■ SUPPLIED INFORMATION ■
○ ○ ○ ○

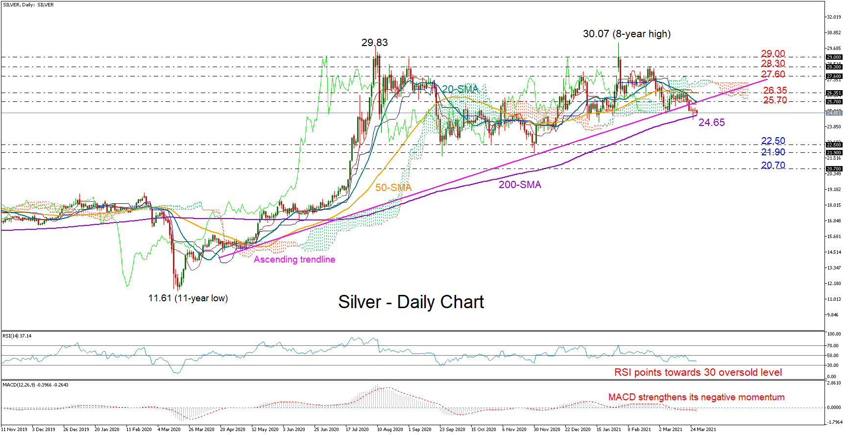 That said, the above signals could prove false if the white metal manages to bounce on the 200-day SMA and close back above the trendline and the 20- and 50-day SMAs seen at 25.70 and 26.35, respectively. Higher, the bulls may need to climb above the Ichimoku cloud at 27.60 to access the key zone of 28.30 – 29.00.
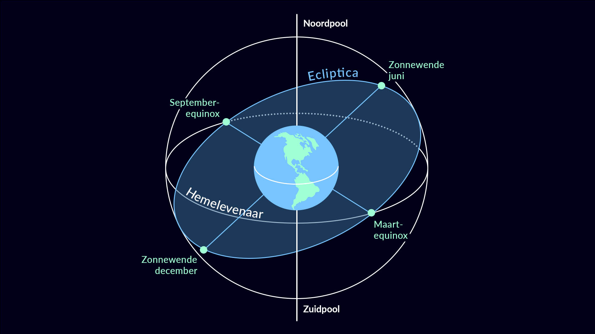 Op het moment van de equinox kruisen de ecliptica en de hemelevenaar elkaar (hier is een korte video om te laten zien hoe het werkt). De ecliptica is het pad van de Zon langs de hemel; de hemelevenaar is een denkbeeldige lijn die de evenaar van de Aarde doortrekt in de hemelbol. Ze staan onder een hoek van 23,4° ten opzichte van elkaar. Als die helling er niet was, zouden er geen seizoenen en zonnewendes zijn, en zouden we het hele jaar door equinox hebben.
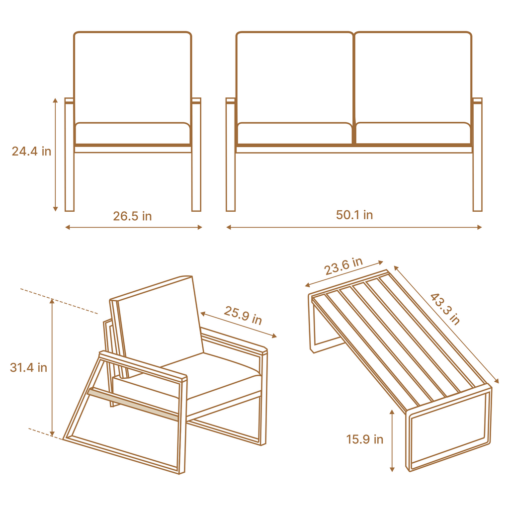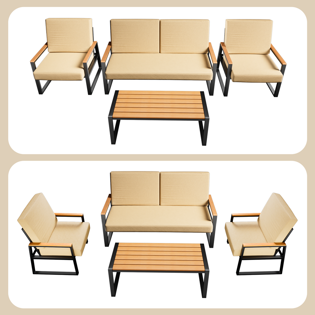 Transform your living space, bring home comfort and style with our outdoor furniture - a perfect blend of durability, comfort, and modern style! Designed for lasting enjoyment, the balcony furniture includes a two-seater sofa, two single chairs, and a coffee table with a weatherproof WPC tabletop. Whether you're hosting friends or unwinding solo, this set offers superior support with thick high-resilience cushions and a powder-coated iron frame built to withstand the elements. Plus, the removable, easy-clean cushion covers make maintenance a breeze!

○ ○ ○ ○

■ EXERCISE BRIEF ■
The lines above must be transcribed exactly, with every picture left out.

■ REPLY ■
 That said, the above signals could prove false if the white metal manages to bounce on the 200-day SMA and close back above the trendline and the 20- and 50-day SMAs seen at 25.70 and 26.35, respectively. Higher, the bulls may need to climb above the Ichimoku cloud at 27.60 to access the key zone of 28.30 – 29.00.
 Op het moment van de equinox kruisen de ecliptica en de hemelevenaar elkaar (hier is een korte video om te laten zien hoe het werkt). De ecliptica is het pad van de Zon langs de hemel; de hemelevenaar is een denkbeeldige lijn die de evenaar van de Aarde doortrekt in de hemelbol. Ze staan onder een hoek van 23,4° ten opzichte van elkaar. Als die helling er niet was, zouden er geen seizoenen en zonnewendes zijn, en zouden we het hele jaar door equinox hebben.
 Transform your living space, bring home comfort and style with our outdoor furniture - a perfect blend of durability, comfort, and modern style! Designed for lasting enjoyment, the balcony furniture includes a two-seater sofa, two single chairs, and a coffee table with a weatherproof WPC tabletop. Whether you're hosting friends or unwinding solo, this set offers superior support with thick high-resilience cushions and a powder-coated iron frame built to withstand the elements. Plus, the removable, easy-clean cushion covers make maintenance a breeze!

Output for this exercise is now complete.